We went north and up north we found the blizzard, being closer to home, was really spreading itself. As we mushed across Park Avenue I had to hang onto Jeff two-handed or the wind would have rolled me down New York’s grandest canyon all the way to Grand Central Station. At last the marquee of the Royale took shape through the swirling snow and, as we scurried for its cover, a man and a woman swung in ahead of us. A giant doorman, wrapped to the teeth in conservative but rugged livery of maroon, majestically braved the elements to open the door. He spoke to the man.
“Mr.
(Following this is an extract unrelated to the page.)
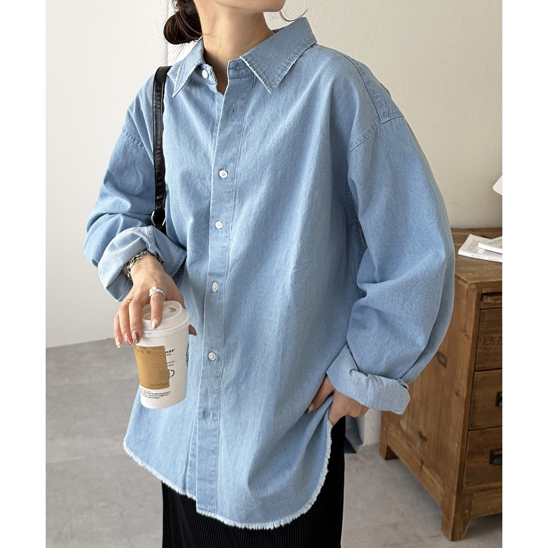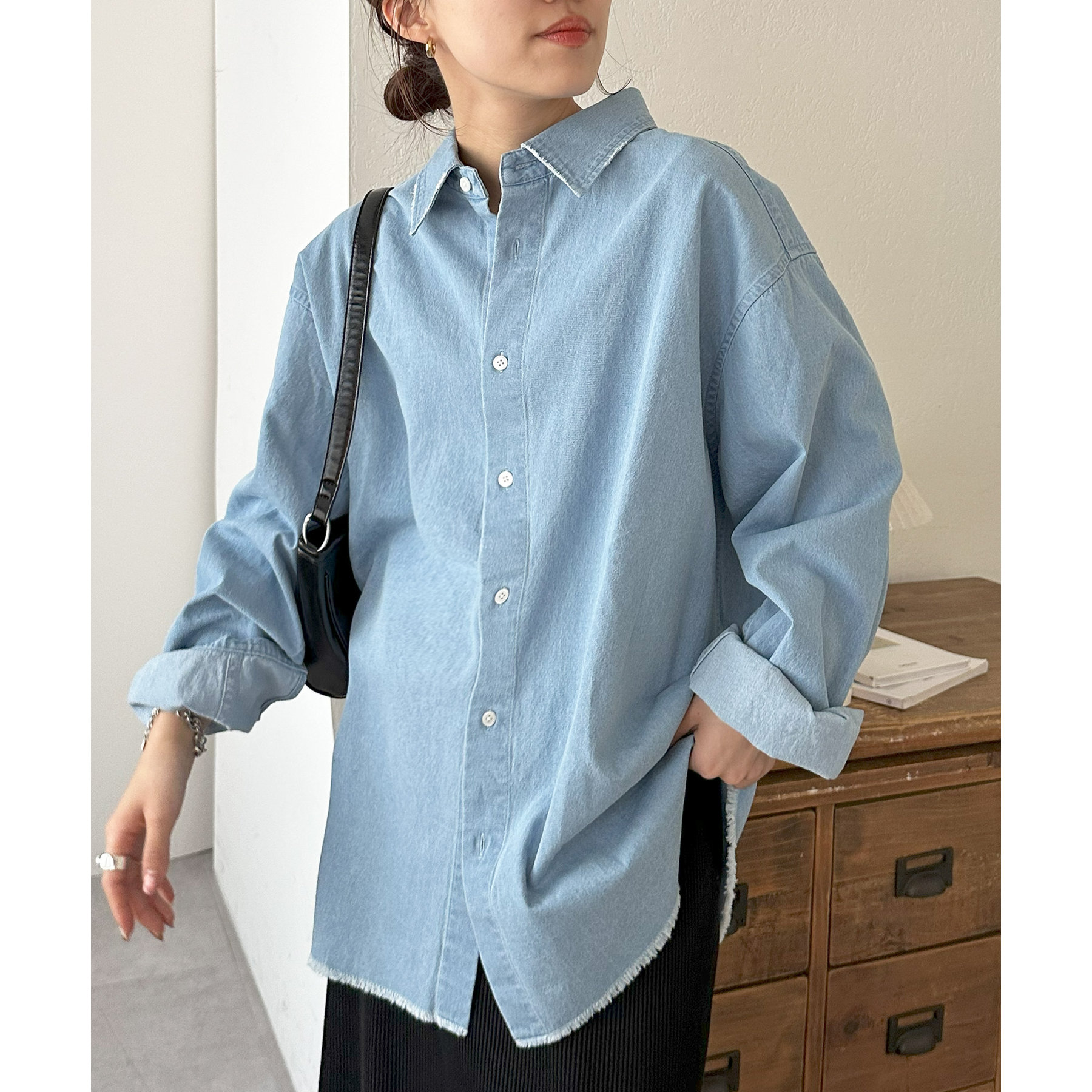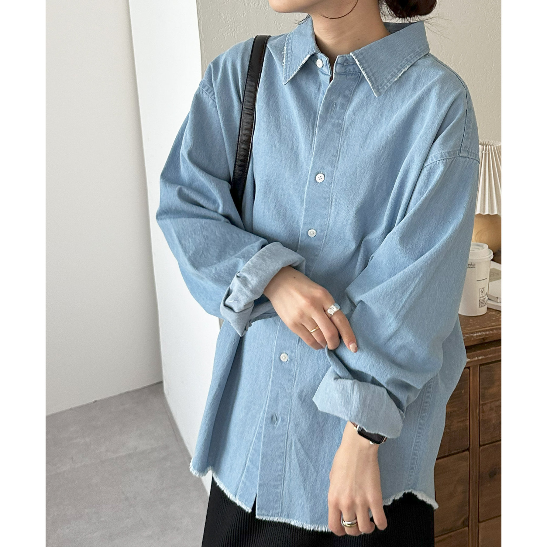 【ユニセックス】ライトオンスデニムフリンジシャツ

Troy?” he said.
“Here!” Jeff said. “I’m Troy.”
“Jeff Troy.”
“Right.”
“Got something for you.” He reluctantly doffed his admiral’s hat and fumbled inside it. “Funny business. Fellow pushed this at me and disappeared around the corner before I knew what was happening.” From one envelope he drew a second one. He handed it to Jeff. “There was ten dollars and a note for me. It said to give that to Jeff Troy when he showed up. Whoever your friend is, he’s generous.”
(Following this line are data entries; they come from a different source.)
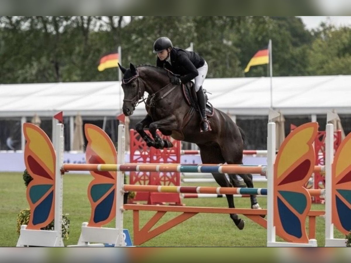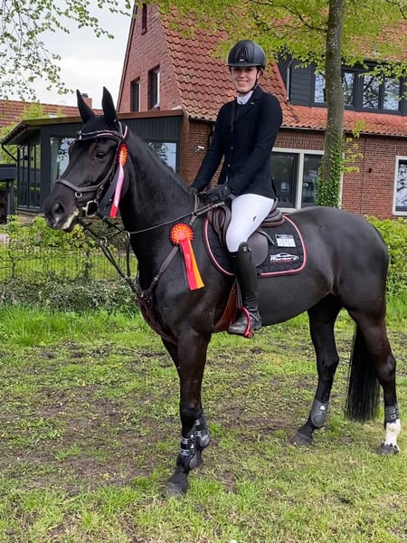 Schweren Herzens muss ich mich aus beruflichen Gründen von meiner 13-jährigen Stute Val d‘Isere N trennen. Valli punktet mit einem edlen Erscheinungsbild, drei tollen Grundgangarten und besitzt eine gleichmäßig Stilvolle Sprungtechnik, außerdem ist sie sehr brav im Umgang und auf dem Turnier, weshalb sie ideal für den Amateursport geeignet ist. In der täglichen Arbeit ist sie fein zu reiten, sie kennt das ausreiten und auch ohne Sattel geritten zu werden. In ihrer letzten Turniersaison 2023 hat sie L und M* springen gewonnen und ist im M** Springen platziert. Dann habe ich sie aus beruflichen Gründen besamen lassen und sie hat im Frühjahr 2025 ein Hengstfohlen von Cador bekommen. Seit Dezember 2025 ist Valli wieder unter dem Sattel und konnte 2026 auf den ersten Turnieren direkt wieder mit Nullrunden und Platzierungen überzeugen. Aktuell M* Springen platziert. Sie ist vollkommen gesund, brav beim Schmied, Verladen, Ausreiten etc. Sehr gute AKU von 2021 vorhanden Gerne beantworte ich weitere Fragen oder verschicke Videos.
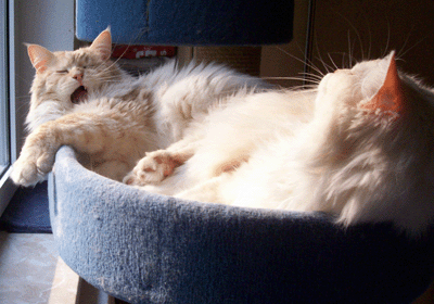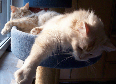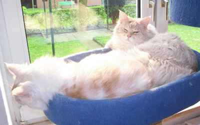 Rumpleteazer und Winterbottom an den ersten wirklich sonnigen Tagen diesen Jahres ... aber sooooooooooo müde ...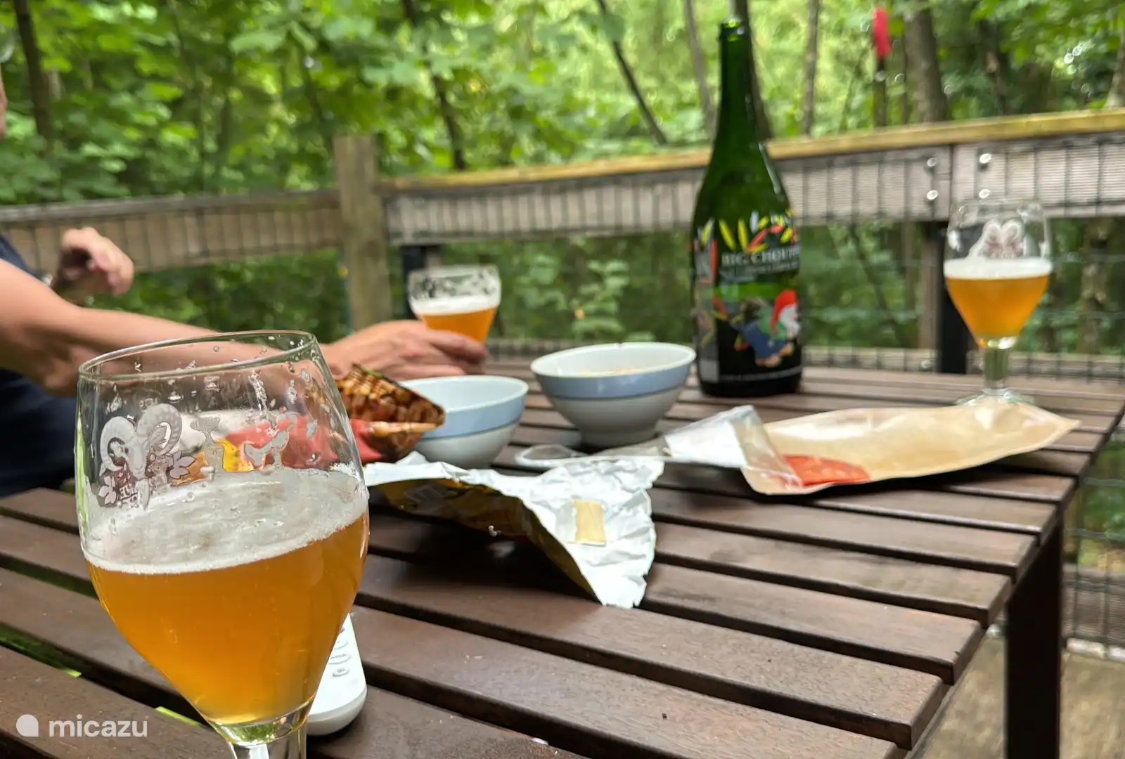 Er zijn vijf slaapplaatsen verdeeld over twee slaapkamers en een overloop, zodat iedereen zijn eigen plekje heeft. Ook je huisdier is van harte welkom, zodat het hele gezin mee kan genieten van het avontuur. Buiten kun je ontspannen op het balkon met tuinmeubilair en parasol, omringd door groen en stilte. Of je nu komt voor wandelingen, quality time of gewoon rust — wij zorgen dat je je meteen thuis voelt.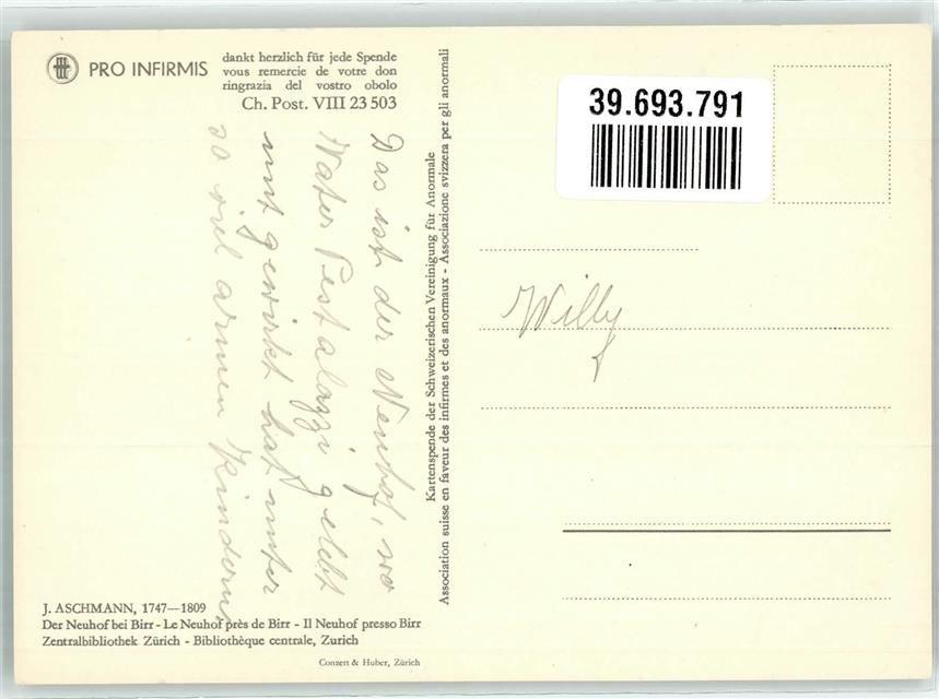 Birr sign. Aschmann Neuhof Pro Infirmis Schweiz Künstlerkarte

“How long ago was he here?”
“Not more than five minutes ago. Maybe less. Excuse me, I’m freezing.”
A wisp of beautiful warmth touched us as he opened the lobby door and slipped inside. Jeff turned his back to the wind and unsealed the envelope. I leaned close to him and read Frank Lorimer’s third order of the day.
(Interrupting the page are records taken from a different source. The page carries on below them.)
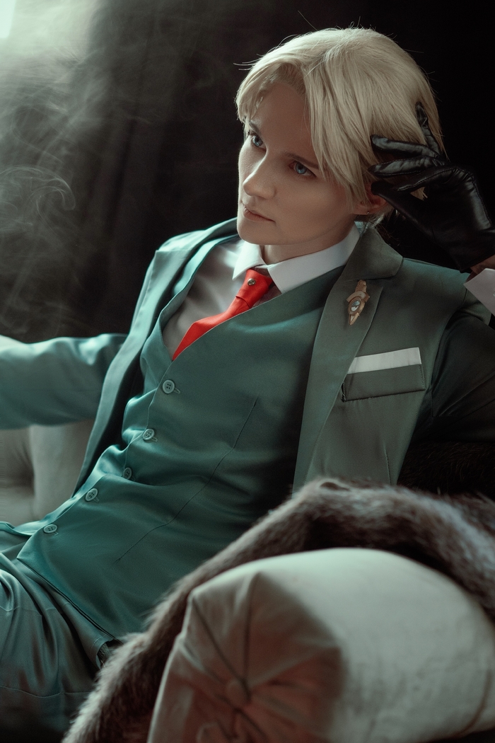 Чулочки и фарфоровая кожа, изящная волна черных волос, тоже характерные черты амплуа Диты фон Тиз. Цвет глаз я меняла с помощью линз, кожу высветлили тоном, грим добавляли на нос.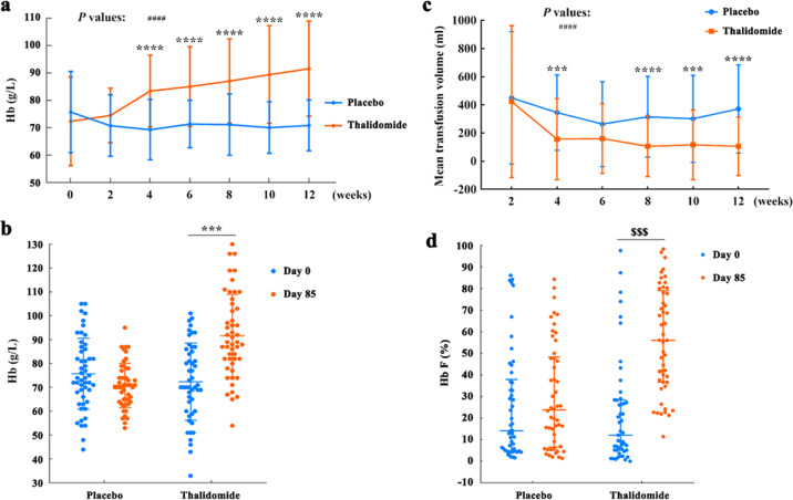 Thalidomide induces γ-globin expression in erythroid progenitor cells, but its efficacy on patients with transfusion-dependent β-thalassemia (TDT) remains unclear. In this phase 2, multi-center, randomized, double-blind clinical trial, we aimed to determine the safety and efficacy of thalidomide in TDT patients. A hundred patients of 14 years or older were randomly assigned to receive placebo or thalidomide for 12 weeks, followed by an extension phase of at least 36 weeks. The primary endpoint was the change of hemoglobin (Hb) level in the patients. The secondary endpoints included the red blood cell (RBC) units transfused and adverse effects. In the placebo-controlled period, Hb concentrations in patients treated with thalidomide achieved a median elevation of 14.0 (range, 2.5 to 37.5) g/L, whereas Hb in patients treated with placebo did not significantly change. Within the 12 weeks, the mean RBC transfusion volume for patients treated with thalidomide and placebo was 5.4 ± 5.0 U and 10.3 ± 6.4 U, respectively (P < 0.001). Adverse events of drowsiness, dizziness, fatigue, pyrexia, sore throat, and rash were more common with thalidomide than placebo. In the extension phase, treatment with thalidomide for 24 weeks resulted in a sustainable increase in Hb concentrations which reached 104.9 ± 19.0 g/L, without blood transfusion. Significant increase in Hb concentration and reduction in RBC transfusions were associated with non β0/β0 and HBS1L-MYB (rs9399137 C/T, C/C; rs4895441 A/G, G/G) genotypes. These results demonstrated that thalidomide is effective in patients with TDT.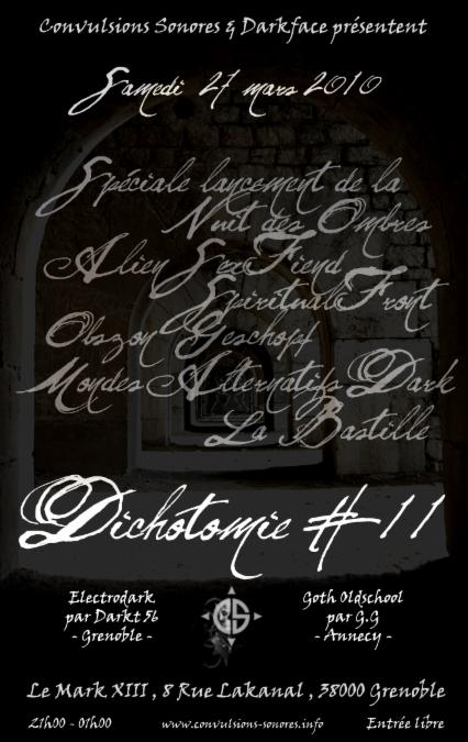 Onzième édition de la soirée DICHOTOMIE co-organisée par Convulsions Sonores et Darkface, qui alternera electrodark et gothique vieille école par tranches d'une demi-heure, avec une sélection de titres des artistes amenés à se produire fin mai lors de la Nuit des Ombres dont cette Dichotomie consituera le lancement en partenariat avec les Mondes Alternatifs Dark qui l'organisent.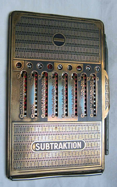 Der Duplex "Addiator" ist ein mechanischer Schieberechner, der durch Einstellen der Werte über die Schieber die Grundrechenarten Addition und Subtraktion durchführen konnte. Addition wurde auf der Vorderseite, Subtraktion auf der Rückseite durchgeführt Multiplikation und Division wurden durch mehrfache Addition oder Subtraktion erstellt .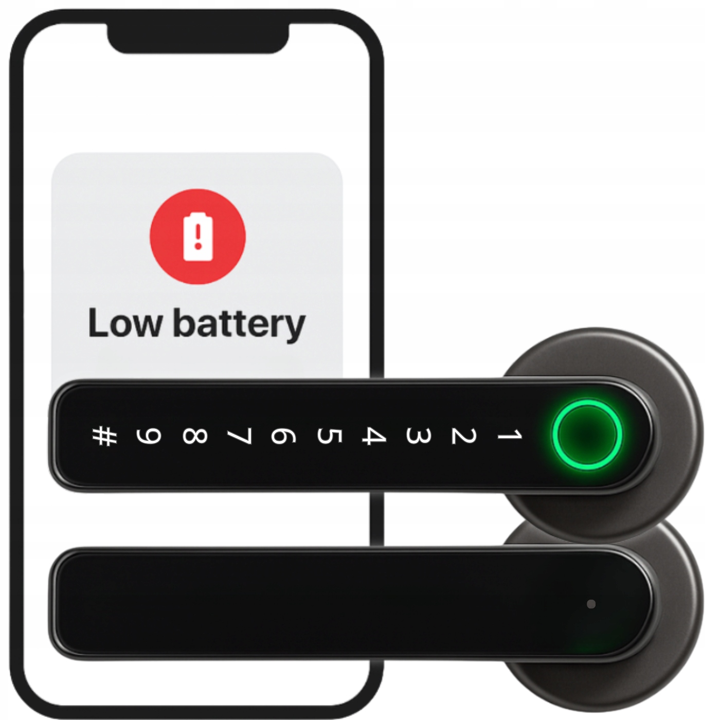 Замок оснащен сигнализацией о низком заряде батареи, что позволяетпостоянно контролировать состояние питания. В приложение будет отправлено уведомление о низком заряде батареи ≥20%, ≥10%, ≥5% и красный индикатор на самом замке загорится после его разблокировки (3 мигания).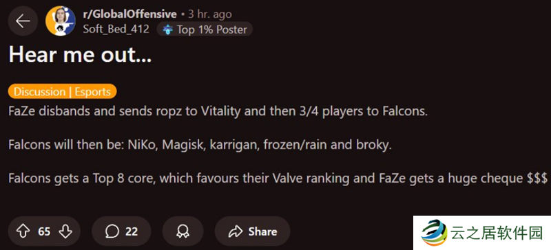 Falcons可以拿到Top8核心阵容,这有助于他们的V社排名,而FaZe可以得到一大笔钱。”

“Please go to Times Square. Keep walking around the Times Building till I talk to you. Don’t look at me when I do. The enclosed is only part payment.”
Jeff pulled some money out of the envelope.
“Fifty dollars,” he said. “Frank must have been afraid we’d give up on him.”
We started back to Lexington Avenue and the subway.
Jeff said, “Haila, this is hardly a day to stroll around and around the Times Building. You go home.”
“No. Don’t make me, Jeff.”
“Frank mightn’t be able to connect with us this time, either. We might have to keep on moving.”
“I know.” I waited a moment until I had enough breath saved up to speak again. “If only he had given us the lady’s name in one of his messages. We could go straight to her.”
“There’s probably a great deal more to tell us than a name.”
“But a name would help.”
“It would,” Jeff said. “But on second thought, I have a hunch that Frank’s going to get to us at the Times Building.”
“I wonder,” I said, “which of the men we saw at the Belfast Bar could have been Lorimer?”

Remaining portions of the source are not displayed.